*Directions*: Everything from the line that holds "وشاح حريري فاخر" through the end of the listing below must be retyped word for word, without any pictures.

*Data*:
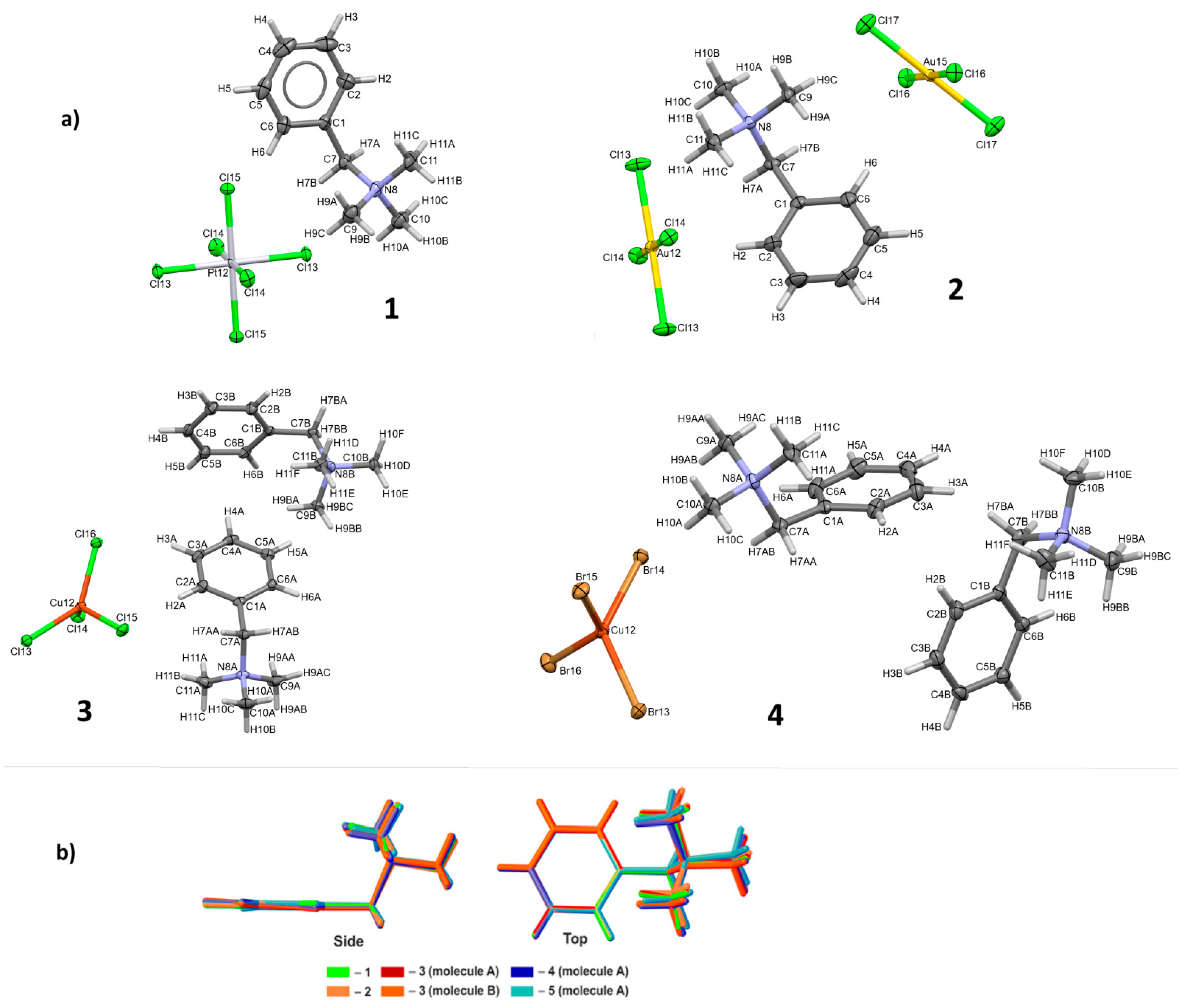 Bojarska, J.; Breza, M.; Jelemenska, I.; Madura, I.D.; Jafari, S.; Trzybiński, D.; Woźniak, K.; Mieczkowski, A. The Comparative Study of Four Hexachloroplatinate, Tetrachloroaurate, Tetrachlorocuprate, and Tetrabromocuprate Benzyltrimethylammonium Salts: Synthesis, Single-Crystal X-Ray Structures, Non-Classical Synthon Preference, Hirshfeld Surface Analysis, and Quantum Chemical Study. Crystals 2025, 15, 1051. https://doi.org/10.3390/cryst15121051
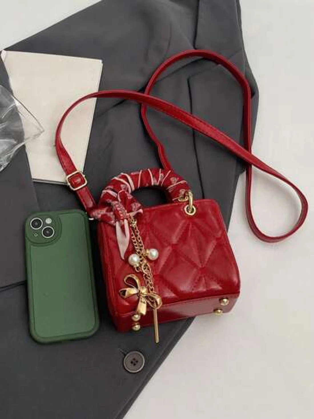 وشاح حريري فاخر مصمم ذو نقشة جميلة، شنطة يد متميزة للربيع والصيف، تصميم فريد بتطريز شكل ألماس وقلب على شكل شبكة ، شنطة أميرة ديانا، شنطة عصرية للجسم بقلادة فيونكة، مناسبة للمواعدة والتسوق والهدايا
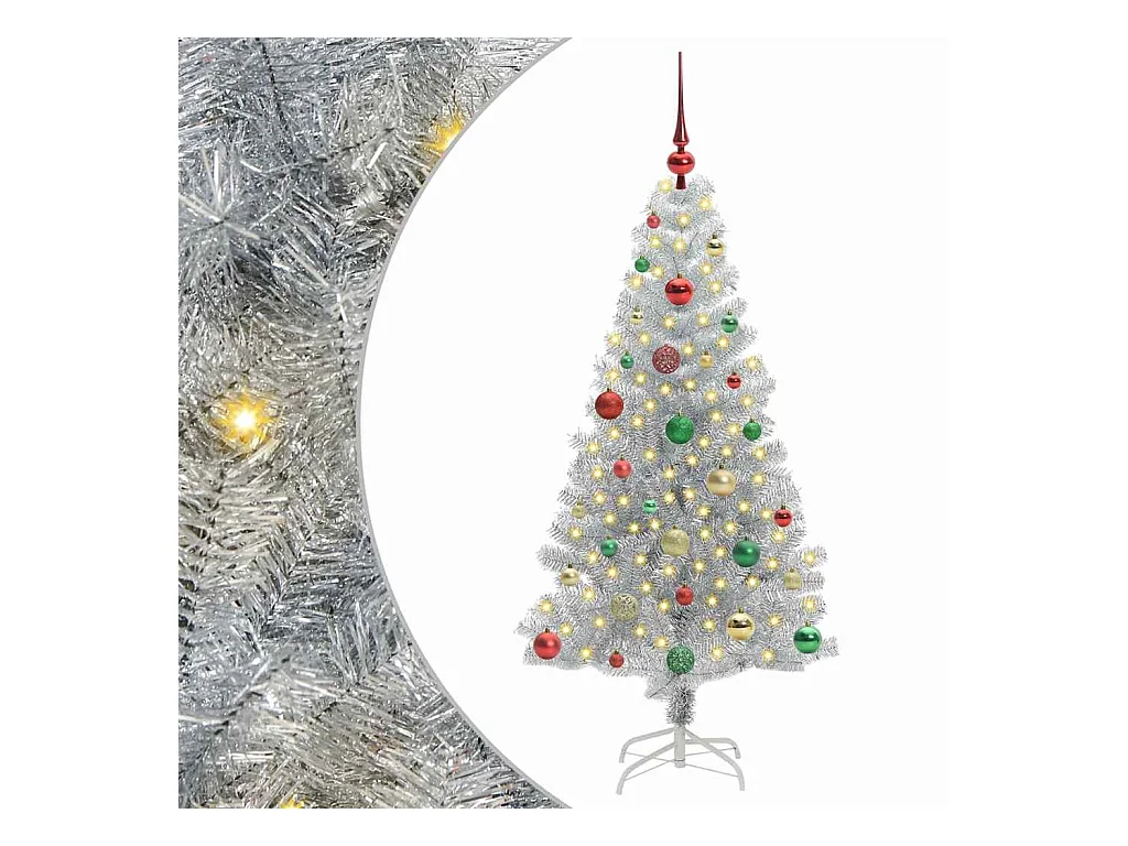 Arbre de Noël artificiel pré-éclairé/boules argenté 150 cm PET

*Task solution*:
 وشاح حريري فاخر مصمم ذو نقشة جميلة، شنطة يد متميزة للربيع والصيف، تصميم فريد بتطريز شكل ألماس وقلب على شكل شبكة ، شنطة أميرة ديانا، شنطة عصرية للجسم بقلادة فيونكة، مناسبة للمواعدة والتسوق والهدايا
 Arbre de Noël artificiel pré-éclairé/boules argenté 150 cm PET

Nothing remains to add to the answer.